Me da la impresión de que estos últimos tres o cuatro meses del transcurrir político nacional son un laberinto. Reconozco que hay no pocas cosas que simplemente no entiendo. Además, coincido con muchos en la afirmación de que estamos viviendo la época más amarga y dolorosa de nuestra vida pública, que ya es larga en mi caso. Y que esa imposibilidad de hilvanar los acontecimientos con un poco de coherencia debe tener lo suyo en ese desgarramiento anímico.

Que hayamos perdido una elección de gobernadores abrumadoramente cuando todas las encuestas y expertos daban cifras míseras a un gobierno solo sostenido por una logia de gorilas es cosa curiosa. Pero no solo eran los números reiterados, sino la misma situación agónica del país en cualquiera de sus aspectos, a la vista de todos. Trampas, cochinadas a granel hubo, y eso cuenta, y mucho. Pero no da razón de semejante hecatombe. También ayudó el mercadeo de hambre por voto. Pero faltan fichas. Abstención, seguro. Desorganización electoral y falta de una robusta y diáfana unidad, también. Vea usted cómo combina esas barajas. En todo caso, allí pasó algo muy grave que se continuó en unas vergonzosas municipales. Ya sin unidad ni energía. Con unos abstencionistas que guardaron un insólito mutismo, a sabiendas de que una abstención solo se gana en el plano de las ideas, de la denuncia, del verbo. Así que callarse es perder dos veces, en los votos y en el desenmascaramiento de los truhanes.

Todo lo cual se puede resumir en una consecuencia fatal, que se bloqueó el camino del voto, que hasta no ha mucho era muy nuestro, la salida regia, la que tratábamos de terminar de abrir. Y la que debemos reencontrar ahora si no queremos que Maduro, o algún símil, nos termine de dejar sin país en las elecciones presidenciales, si las hubiese.

Por último quería subrayar que ese silencio se prolongó como si no hubiese cosas de la gravedad de fraudes cantados o una hiperinflación que amenaza con una hambruna sin límites. Los líderes parecen haberse desaparecido y solo en raras ocasiones hacían alguna declaración. Y no lo digo yo, lo dice el texto decembrino de la Mesa: “…no hemos sabido acompañar en las últimas semanas, de la forma amplia y contundente que se merecía, el sufrimiento de un pueblo que ve mermar aceleradamente sus ya difíciles condiciones de vida…”. Las calles y las tribunas, en consecuencia, estuvieron desoladoramente solitarias, con semejantes causas.

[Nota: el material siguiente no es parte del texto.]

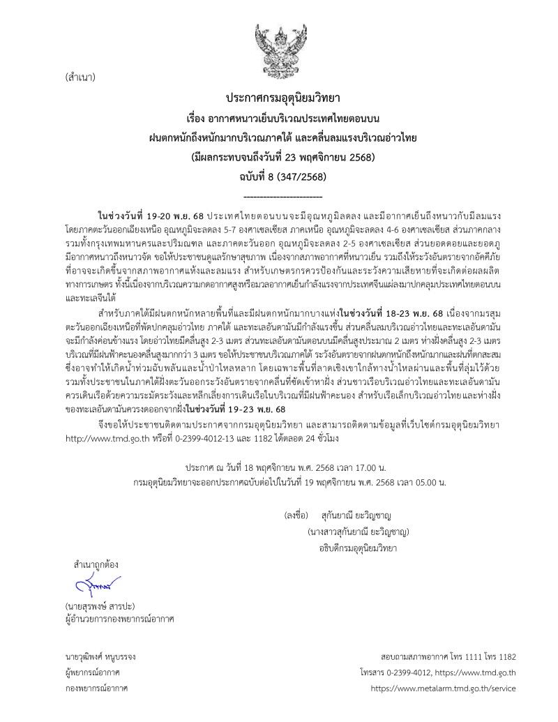 เมื่อวันที่ 18 พฤศจิกายน 2568 ศูนย์ประชาสัมพันธ์กรมอุตุนิยมวิทยา ประกาศกรมอุตุนิยมวิทยา เรื่อง อากาศหนาวเย็นบริเวณประเทศไทยตอนบน ฝนตกหนักถึงหนักมากบริเวณภาคใต้ และคลื่นลมแรงบริเวณอ่าวไทย (มีผลกระทบจนถึงวันที่ 23 พฤศจิกายน 2568) ฉบับที่ 8 (347/2568)

En ese documento citado, autocrítica de un año horrible, de tono desgarrador, se alude a lo que hemos dicho y criticado. Y ya es de alabar ese esfuerzo, con el que coincidimos y disentimos, por enfrentar la verdad de la situación infame a que nos ha llevado la dictadura. Tan solo lamentamos que, además de confesar los errores, no se ahonde en las causas.

Pero lo más curioso de este mea culpa es que casi omite, en todo caso le atribuye un papel muy atenuado, a lo que se vendía hace un rato como la eventual solución genérica al problema nacional, la transacción de República Dominicana bajo la severa tutela de la comunidad internacional. De nuevo el enigma: ¿es que ya no es la llave del orden y la paz, aunque sean cojitrancos?, ¿no explicará esa cuasi ausencia la posibilidad de hablar esta vez recio y compatibilizar líneas de acción que parecen poco coincidentes?, ¿o también pudo ser el motivo de los silencios aludidos a la espera del tal arreglo?, ¿habrá que acechar unos pocos días, hasta el 11 de los corrientes, para saber cuál es definitivamente el horizonte y el estilo de lucha ahora prometido?

La gran tarea de este año que comienza tan enfermo es buscar la coherencia. Lo cual se podría desglosar en muchos rubros. De la unidad a la fiereza en las justas electorales, de la lucha por la supervivencia física al enfrentar la continua humillación política. Pero arropando todo eso debe haber una manera de hacer las cosas que se pueda definir con unas pocas palabras: transparencia, constancia, la palabra sonora y oportuna, la conciencia de que hemos llegado a las puertas del infierno y ya no queda tiempo que perder.